Comparing Similar Text Strings in Excel
You might consider using the Microsoft Fuzzy Lookup Addin.
From MS site:
Overview
The Fuzzy Lookup Add-In for Excel was developed by Microsoft Research and performs fuzzy matching of textual data in Microsoft Excel. It can be used to identify fuzzy duplicate rows within a single table or to fuzzy join similar rows between two different tables. The matching is robust to a wide variety of errors including spelling mistakes, abbreviations, synonyms and added/missing data. For instance, it might detect that the rows “Mr. Andrew Hill”, “Hill, Andrew R.” and “Andy Hill” all refer to the same underlying entity, returning a similarity score along with each match. While the default configuration works well for a wide variety of textual data, such as product names or customer addresses, the matching may also be customized for specific domains or languages.
I would look into using this list (English section only) to help weed out the common shortenings.
Addition, you might want to consider using a function that will tell you, in exact terms, how "close" two string are.

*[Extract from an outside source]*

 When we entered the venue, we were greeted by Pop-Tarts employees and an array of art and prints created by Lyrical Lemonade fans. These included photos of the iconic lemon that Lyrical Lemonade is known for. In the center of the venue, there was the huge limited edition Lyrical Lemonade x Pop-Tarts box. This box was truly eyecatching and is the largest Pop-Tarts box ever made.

The following code came from here and thanks to smirkingman.
Option Explicit
Public Function Levenshtein(s1 As String, s2 As String)
Dim i As Integer
Dim j As Integer
Dim l1 As Integer
Dim l2 As Integer
Dim d() As Integer
Dim min1 As Integer
Dim min2 As Integer
l1 = Len(s1)
l2 = Len(s2)
ReDim d(l1, l2)
For i = 0 To l1
d(i, 0) = i
Next
For j = 0 To l2
d(0, j) = j
Next
For i = 1 To l1
For j = 1 To l2
If Mid(s1, i, 1) = Mid(s2, j, 1) Then
d(i, j) = d(i - 1, j - 1)
Else
min1 = d(i - 1, j) + 1
min2 = d(i, j - 1) + 1
If min2 < min1 Then
min1 = min2
End If
min2 = d(i - 1, j - 1) + 1
If min2 < min1 Then
min1 = min2
End If
d(i, j) = min1
End If
Next
Next
Levenshtein = d(l1, l2)
End Function
What this will do is tell you how many insertions and deletions one must do to one string to get to the other. I would try to keep this number low (and last names should be exact).

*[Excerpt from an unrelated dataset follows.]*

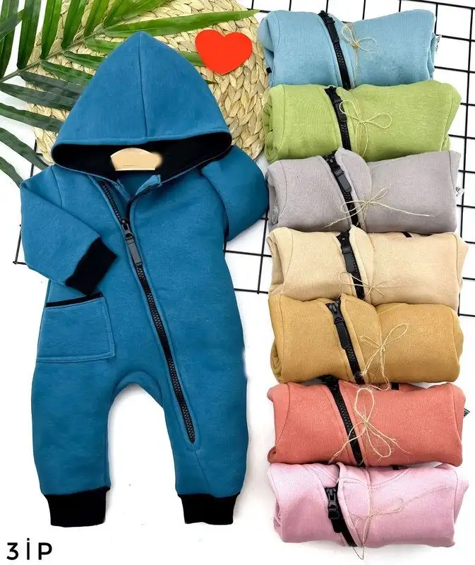3-6-9-12 Ay Kapşonlu Ef Boy Fermuarlı Tek Cepli Uzun Kollu Kız Erkek Bebek Tulumu Gri
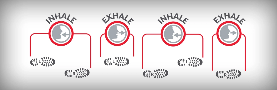 Second, when we inhale, we contract and stabilize our diaphragm and core muscles making them more stable during the inhalation phase of breathing.  When your foot hits the ground, the force of impact equals two to three times your body weight. That stress of impact is greatest when your foot strikes the ground. If that impact is at the beginning of an exhalation, it catches us at the most unstable times for the pelvis and core. Rhythmic breathing can train us to time the impact force more with our inhalation (more stability in our diaphragm and core muscles) and to shift the impact from the right foot to the left. And instead of repeatedly inhaling and exhaling on the same foot, a 5-step running pattern can help spread that impact between the feet and reduce the stress on the body. This technique may allow you to maximize your performance and reduce injuries and even side stitches.

I have a (long) formula that you can use. It's not as well honed as those above – and only works for surname, rather than a full name – but you might find it useful.

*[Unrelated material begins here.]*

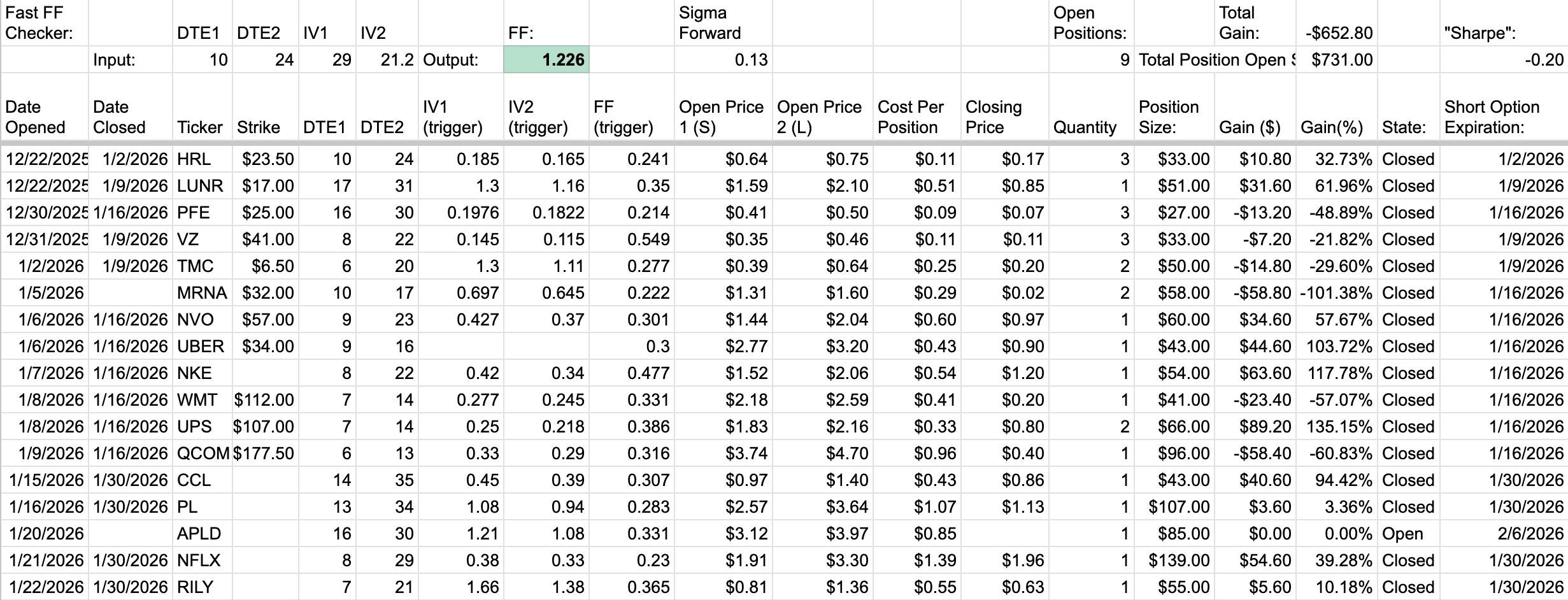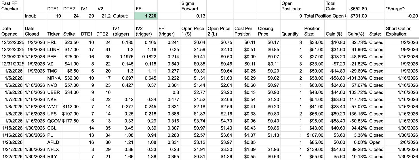 I made a little bit more money in January 2026, working myself out of the hole I’d made at the start of this strategy with a gain of $203 over $956 in positions expiring across the month. I’m thinking that this strategy can’t be a consistent or large allocation due to the difficulty of opening more than $50-$100 of position size per day, but it’s low-stress, low-effort, and potentially profitable over the long term. I also suspect that only doing trades with 0.3-0.4+ Forward Factor levels greatly increases the profitability, but this will take time.

So if you have a header row and want to compare A2
with B2
, place this in any other cell on that row (e.g., C2
) and copy down to the end.
=IF(A2=B2,"EXACT",IF(SUBSTITUTE(A2,"-"," ")=SUBSTITUTE(B2,"-"," "),"Hyphen",IF(LEN(A2)>LEN(B2),IF(LEN(A2)>LEN(SUBSTITUTE(A2,B2,"")),"Whole String",IF(MID(A2,1,1)=MID(B2,1,1),1,0)+IF(MID(A2,2,1)=MID(B2,2,1),1,0)+IF(MID(A2,3,1)=MID(B2,3,1),1,0)+IF(MID(A2,LEN(A2),1)=MID(B2,LEN(B2),1),1,0)+IF(MID(A2,LEN(A2)-1,1)=MID(B2,LEN(B2)-1,1),1,0)+IF(MID(A2,LEN(A2)-2,1)=MID(B2,LEN(B2)-2,1),1,0)&"°"),IF(LEN(B2)>LEN(SUBSTITUTE(B2,A2,"")),"Whole String",IF(MID(A2,1,1)=MID(B2,1,1),1,0)+IF(MID(A2,2,1)=MID(B2,2,1),1,0)+IF(MID(A2,3,1)=MID(B2,3,1),1,0)+IF(MID(A2,LEN(A2),1)=MID(B2,LEN(B2),1),1,0)+IF(MID(A2,LEN(A2)-1,1)=MID(B2,LEN(B2)-1,1),1,0)+IF(MID(A2,LEN(A2)-2,1)=MID(B2,LEN(B2)-2,1),1,0)&"°"))))
This will return:
- EXACT – if it's an exact match
- Hyphen – if it's a pair of double-barrelled names but on has a hyphen and the other a space
- Whole string – if all of one surname is part of the other (e.g., if a Smith has become a French-Smith)
After that it will give you a degree from 0° to 6° depending on the number of points of comparison between the two. (i.e., 6° compares better).
As I say a bit rough and ready, but hopefully gets you in roughly the right ball-park.